I am trying to formally understand why $\|e^{A \tau}\|>1$, $\forall A \in\mathbb R^{n \times n}$, $\tau>0$ holds for every norm.
Attempt:
Proof A: Use matrix norm property: $\|MN\|\le \|M\|\|N\|$. Take $M:=e^{A\tau}, N:=e^{-A\tau}$. This gives $\|I\|\le\|e^{A\tau}\|\|e^{-A\tau}\|$. If $\|e^{A\tau}\|=\|e^{-A\tau}\|$ (which is not true however for any $A$), $\forall A \in\mathbb R^{n \times n}$
(Proof B: not totally sure how to do this, except to try Taylor series, may be?. I appreciate the suggestion here too, please). Then, we got $\|I\|\le\|e^{A\tau}\|^2 \Rightarrow \|e^{A\tau}\| \ge 1$. For $\tau>0$ and $A \ne 0$, we prove our claim.

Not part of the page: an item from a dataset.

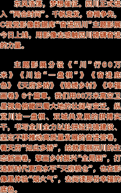 东风浩荡,梦想催征。四川正式进入 “两会时间”。千帆竞发,奋楫争先。C视觉影像数据库“奋进四川”主题影展今日上线,用影像去感触四川磅礴奋进的力量。

I appreciate anyone clarifying with rigor both Proof A and Proof B.
Added: Can anyone show the detailed steps for at least the $2$-norm?
The conjecture is not true for a diagonal matrix $A=-3I$: $$ e^{t(-3I)} = e^{-3t}I \implies \|e^{tA}\|=e^{-3t} < 1 \mbox{ for all } t > 0. $$